= The Blind Beggar of Alexandria =

Play written by George Chapman

The Blind Beggar of Alexandria is an Elizabethan era stage play, a comedy written by George Chapman. It was the first of Chapman's plays to be produced on the stage; its success inaugurated his career as a dramatist.

==Performance and publication==
The play was acted by the Admiral's Men at the Rose Theatre; the records of theatre impresario Philip Henslowe show that it premiered on 12 February 1596. A popular hit, Blind Beggar was staged 22 times throughout April 1597. (Performances of Blind Beggar on 15 April, 26 April and 13 May 1596 paid 40 shillings per day, a better and more consistent return than provided by most of the company's offerings that season.) The play was revived in 1601 and 1602. The work was published after its initial run: it was entered into the Stationers' Register on 15 August 1598 and appeared in print later that year, in a quarto issued by the bookseller William Jones. (The play was less popular in print than on stage: the quarto was never reprinted. This set a pattern for Chapman's remaining dramatic career; with the exception of his masterpiece Bussy D'Ambois, Chapman's plays rarely went through more than a single edition.) One extant printed version, unfortunately, is mangled, incomplete, and unusually short; it likely represents a version cut down for an abbreviated stage presentation, which emphasizes the farcical comedy at the expense of the romantic main plot.

==Plot==
Chapman's comedy derives from the commedia dell'arte tradition of Italy – perhaps more directly than most English plays so influenced: Chapman may have based Blind Beggar on a commedia that he witnessed first-hand during a trip to Italy. Not atypically for a play so influenced, the plot of Blind Beggar depends heavily on the comedic effects of disguise. Cleanthes, a swindler and pretended duke, has wooed the imperious Queen Aegiale, who rewards his temerity by banishing him. Cleanthes returns to Alexandria in the guise of the blind beggar and fortune-teller Irus. In that disguise and others – Leon the usurer, and the "mad-brain" aristocrat Count Hermes – Cleanthes manipulates people and events to turn in his favor (and for the sheer egotistical fun of it). He seduces Aegiale; he marries a pair of sisters in his different personas – and then tempts both of them to engage in adultery, though only with himself in other guises. He ends up king of Egypt, and disposes of his two sibling wives (now pregnant) as the mates of two captured kings.

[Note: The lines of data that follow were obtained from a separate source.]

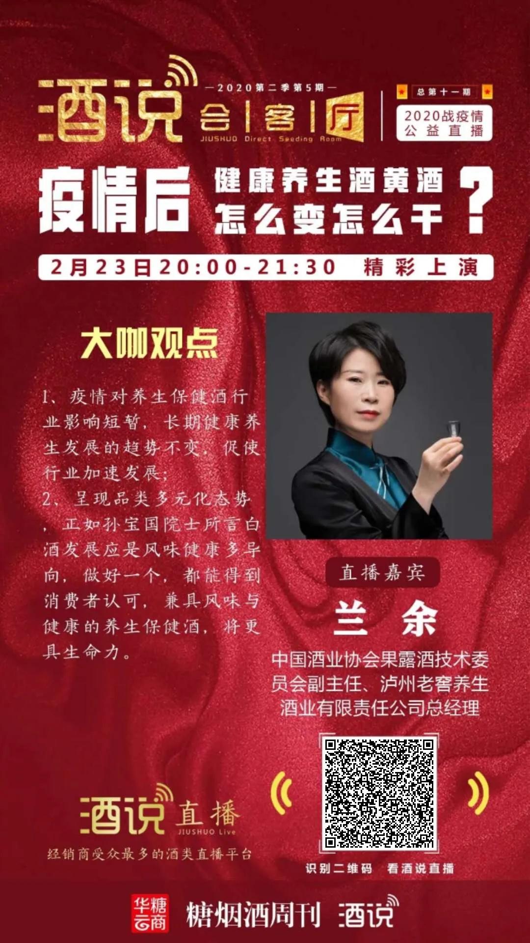 作为本次直播的女嘉宾导师,泸州老窖养生酒业有限公司总经理兰余就目前健康养生酒的发展形势进行了分析。她认为,目前健康养生酒总体规模较小,疫情对养生保健酒行业影响短暂,长期健康养生发展的趋势不变,随着消费升级,未来养生酒的市场必将有所放大。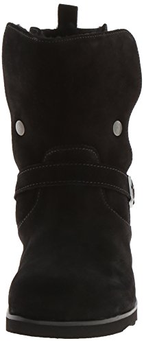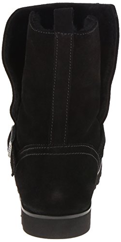 Round-toe ankle boot featuring split shaft with snap closure and soft faux-fur lining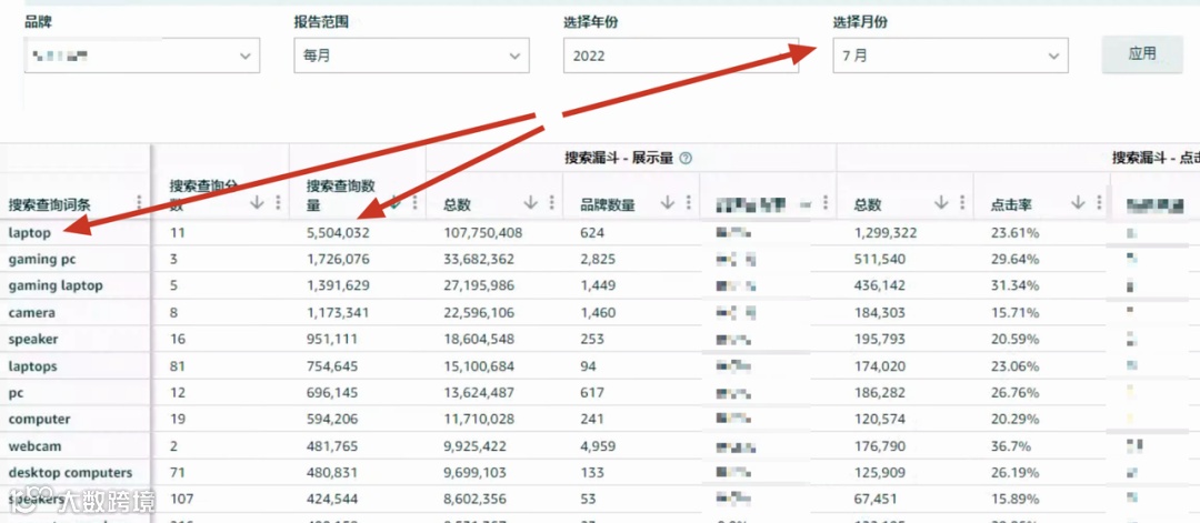 同样是22年7月份的数据,可以明确的看到,同一个词laptop的搜索查询数量比1.0版本的时候大了好几倍:1.0版本是1,219,284,2.0版本则是5,504,032。

Critics have recognized Cleanthes, a shepherd by birth who becomes a king, as a comic parody of Christopher Marlowe's Tamburlaine. Even in a relatively light and slight project like Blind Beggar, a hint of Chapman's classical learning and inclination shows through. The pretend-beggar Irus is named after the bragging beggar who foolishly challenges Odysseus to a fight in the final book of The Odyssey. Some of the farcical comedy elements in Blind Beggar may be the work of an unknown play doctor rather than Chapman himself; the dedication printed in the first edition of his later comedy All Fools (published 1605) indicates that Chapman supervised the publication of that text himself, to prevent the appearance of a play "patch'd with others' wit." This may imply that earlier Chapman comedies, Blind Beggar and perhaps An Humorous Day's Mirth, had been "patch'd" in just this way.

==Influence==
The Blind Beggar of Alexandria was hardly the first disguise play to appear on the Elizabethan stage; the anonymous The Knack to Know an Honest Man (1594), another Admiral's play, is one prior instance, and others can be noted. Yet the popularity of Chapman's play gave an impetus to the comic device; disguise plays were produced frequently in its aftermath. The anonymous Look About You (printed 1600), The Blind Beggar of Bethnal Green (1600) by Henry Chettle and John Day, Westward Ho and Northward Ho (c. 1604–5) by Thomas Dekker and John Webster, and Ben Jonson's Every Man in His Humour (1598), Volpone (1606) and The Alchemist (1610) are among the various examples that can be cited.